Encerrado en su pequeña y oscura habitación, el joven William Patrick Corgan tenía la certeza de que el futuro le depararía el reconocimiento y la fama que su talento y esfuerzo merecían. No acabaría como su padre, un músico que vencido por dogmatismos, fundamentos y rudimentos sonoros abrazaba la conformidad más que a su propio hijo. Las cuatro paredes que lo rodeaban podían corroborar que no se trataba de un simple caso de autocomplacencia. Ellas habían sido mudos testigos de sus interminables sesiones con la guitarra en las manos, de su incasable experimentación como compositor, de su creciente virtuosismo como intérprete.

No era simplemente un melómano más que trabajaba en una tienda de discos de segunda mano e iba siempre acompañado por su walkman y sus cintas en sus solitarios paseos por las sucias calles de Chicago.
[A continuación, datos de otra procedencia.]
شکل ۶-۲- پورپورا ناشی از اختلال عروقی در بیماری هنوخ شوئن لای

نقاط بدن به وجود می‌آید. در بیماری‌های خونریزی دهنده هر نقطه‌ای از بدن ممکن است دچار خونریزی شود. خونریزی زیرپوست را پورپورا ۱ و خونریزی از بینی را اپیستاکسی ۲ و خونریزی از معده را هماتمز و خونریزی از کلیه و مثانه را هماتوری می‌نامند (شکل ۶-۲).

Él había sido elegido para dejar huella e impronta en la historia de la música. Si bien su pasada experiencia como miembro de The Marked, banda de rock gótico y new wave, había sido frustrante y su gira de apenas 20 conciertos por los garitos de San Petersburgo un pequeño fracaso, Corgan había sacado en claro que en su próximo proyecto él sería el único responsable tanto del apartado artístico como de la toma de decisiones. ¿Acaso no era una señal que últimamente se le apareciese en sueños el mismísmo Gene Simmons, bajista y líder de Kiss, para decirle que debía montar una banda de calabazas aplastantes y borrachas?

Incluso acababa de conocer a un prometedor guitarrista llamado James Iha, con el que se podía mantener una conversación de más de dos frases sobre música y que semejaba cumplir todas las exigencias que Corgan consideraba imprescindibles para formar parte de su nuevo proyecto: parecía manejable y le apasionaban The Cure y New Order. Junto a él, y a una caja de ritmos, comenzó a escribir canciones para una banda que daría su primer concierto el 9 de julio de 1988 en un local llamado Chicago 21: The Smashing Pumpkins.
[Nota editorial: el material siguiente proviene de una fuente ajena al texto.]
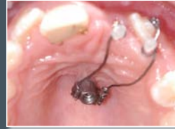
Einordnung verlagelter Zähne
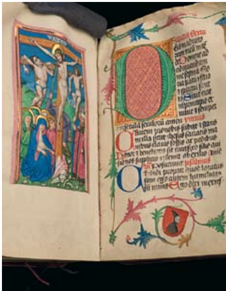
Siebenhirters bönbok, 1470-talet. Brandskadad i slottsbranden 1697.

1661 En lag stiftas om pliktleverans som gör boktryckare skyldiga att leverera minst ett exemplar av varje skrift till KB innan den sprids.
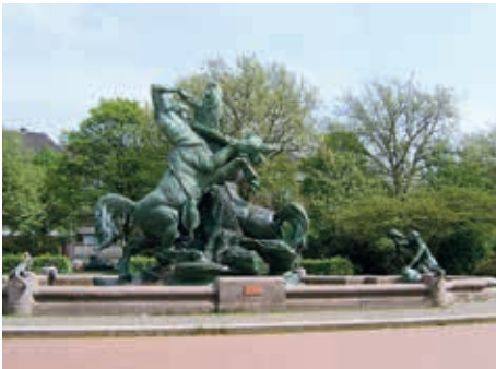
Stuhlmannbrunnen an seinem heutigen Standort

Noch hält er seinen Winterschlaf mitten auf dem Platz der Republik, der majestätische Stuhlmannbrunnen, eines der Wahrzeichen Altonas. Er ist das Geschenk eines reichen Altonaer Bürgers an seine Vaterstadt; des Gründers der Altonaer Gas- und Wasseranstalt AG, Günther Ludwig Stuhlmann. Über ihn ist nicht allzu viel bekannt. Er wurde 1797 in Neumühlen geboren und starb 1872 in Nizza. Seine Familie besaß eine Kalkbrennerei in Neumühlen am Elbstrand, unterhalb der Rainville Terrassen. Dieses Gelände bildete den Grundstock für den späteren Reichtum Stuhlmanns. Sein Lebensweg ist nicht genau nachzuvollziehen. Er hat eine Zeit in Wandsbek und Hamburg gewohnt und war viel auf Reisen. Auf diesen hat er sich intensiv mit der neuesten Technik der Gas- und Wasserversorgung in mehreren Ländern beschäftigt und wurde zu einem anerkannten Fachmann auf diesem Gebiet.
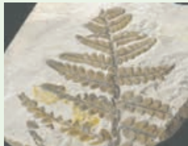
فسیل گیاه سرخس

En una de sus sucesivas actuaciones, que comenzaron a tener buena aceptación y críticas, alguien desde el público se atrevió a increpar su sonido tachándolo de vacío y con falta de dinamismo. Se trataba de una joven de 18 años, gran seguidora de los Stooges, con la que Corgan se encaró y mantuvo una acalorada discusión al finalizar el concierto. Su nombre era D’arcy Wretzky, tenía buena presencia, pasables gustos musicales y argumentaba que sería capaz de acompañar y darle fuerza y profundidad a las guitarras. ¿Qué más se le puede pedir a un bajista?, pensó Corgan. Por estos motivos finalmente le propuso que se uniera a su proyecto, siempre teniendo presente que la composición nunca estaría a su alcance.

The Smashing Pumpkins realizaron su presentación como trío el 10 de agosto de 1988 en el club Avalon de Chicago. Su novedoso directo, mezcla de rock gótico, heavy metal, dream pop, rock psicodélico y progresivo, no solo hizo vibrar a los asistentes sino que incluso atrajo la atención de Joe Shanahan, el propietario del Cabaret Metro y un experto en el campo de la promoción musical independiente. Aunque en un primer momento el sonido de la banda le pareció poco pulido (por decirlo suavemente), finalmente le atrajo la estructura de las canciones y sobre todo una voz, la de Billy Corgan, que tenía tanta garra y fuerza de atracción que parecía que estuviese muriéndose por triunfar.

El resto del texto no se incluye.